[Task goal] Please print the full listing below exactly, but not the pictures in it.

Segment Open

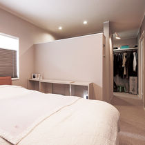 すっきりした寝室を実現する 2部屋を1部屋にした8帖寝室+ウォークインクローゼット[愛知県]
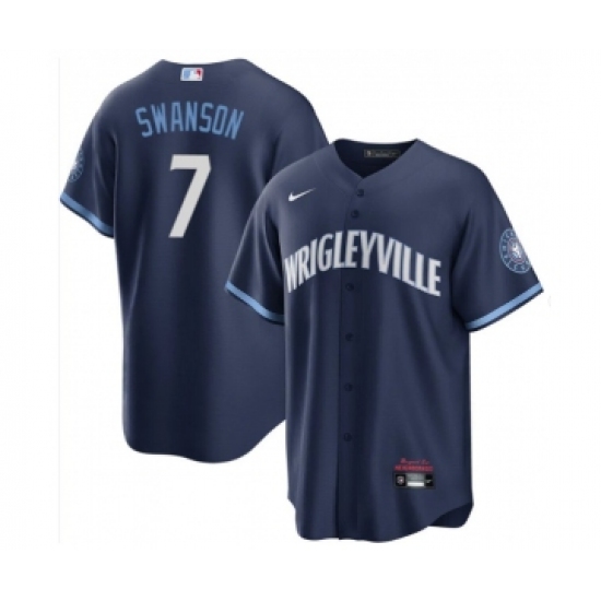 >Men's Nike Chicago Cubs #7 Dansby Swanson Navy City Connect Cool Base Stitched Baseball Jersey
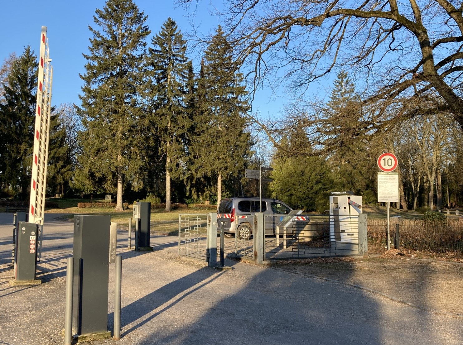 Seit 2020 regelt die Schrankenanlage eine besucherfreundliche Zufahrt zum Alten Friedhof, um die Ruhe auf dem historischen Parkfriedhof zu bewahren. Besucherinnen und Besucher können das Gelände montags bis freitags in der Zeit von 8 bis 15.30 Uhr mit dem Fahrzeug befahren.
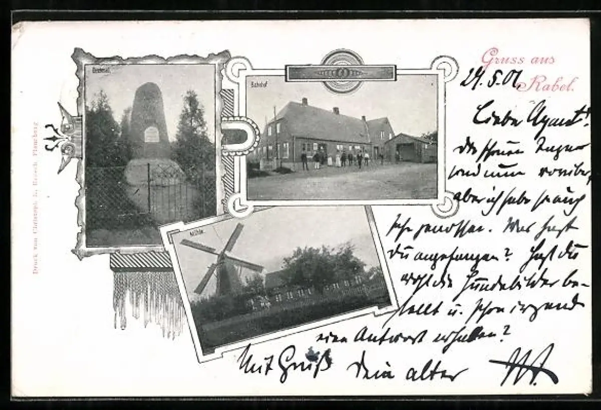 AK Rabel, Bahnhof, Denkmal und Mühle
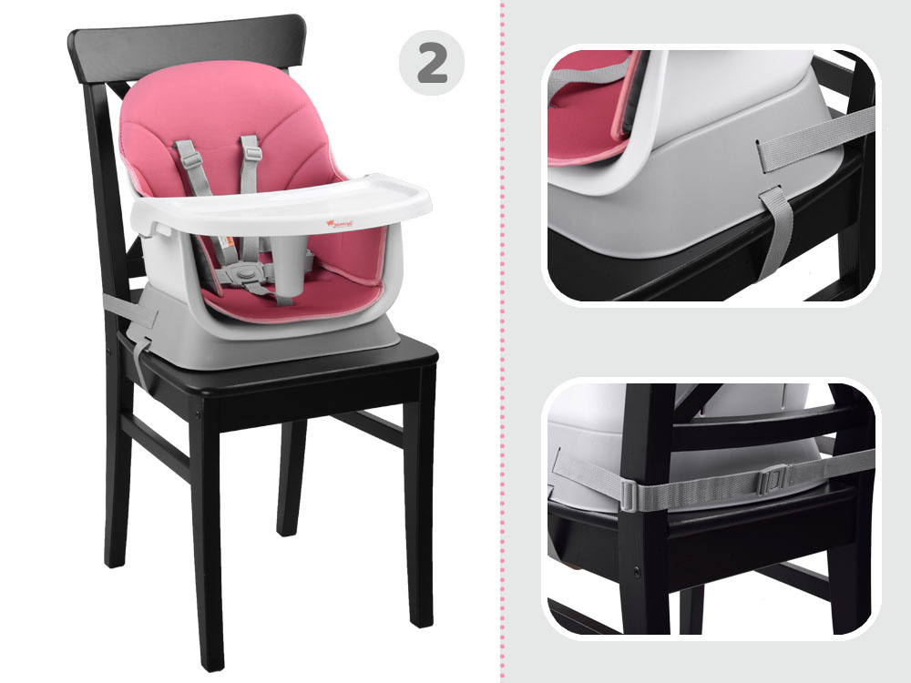 Sedačka má jednoduchou montáž, takže nezpůsobí žádné potíže při úpravě nábytku. Vše funguje na jedno kliknutí, je stabilní a bezpečné. Samotná židlička má pětibodové bezpečnostní pásy a pojistku mezi nohama dítěte, která zabraňuje sklouznutí dítěte. Popruhy pro připevnění sedačky k židli jsou pevné, takže dítě může sedět s rodiči u stolu a společně konzumovat jídlo.

Segment Closed

[Written solution]
 すっきりした寝室を実現する 2部屋を1部屋にした8帖寝室+ウォークインクローゼット[愛知県]
 >Men's Nike Chicago Cubs #7 Dansby Swanson Navy City Connect Cool Base Stitched Baseball Jersey
 Seit 2020 regelt die Schrankenanlage eine besucherfreundliche Zufahrt zum Alten Friedhof, um die Ruhe auf dem historischen Parkfriedhof zu bewahren. Besucherinnen und Besucher können das Gelände montags bis freitags in der Zeit von 8 bis 15.30 Uhr mit dem Fahrzeug befahren.
 AK Rabel, Bahnhof, Denkmal und Mühle
 Sedačka má jednoduchou montáž, takže nezpůsobí žádné potíže při úpravě nábytku. Vše funguje na jedno kliknutí, je stabilní a bezpečné. Samotná židlička má pětibodové bezpečnostní pásy a pojistku mezi nohama dítěte, která zabraňuje sklouznutí dítěte. Popruhy pro připevnění sedačky k židli jsou pevné, takže dítě může sedět s rodiči u stolu a společně konzumovat jídlo.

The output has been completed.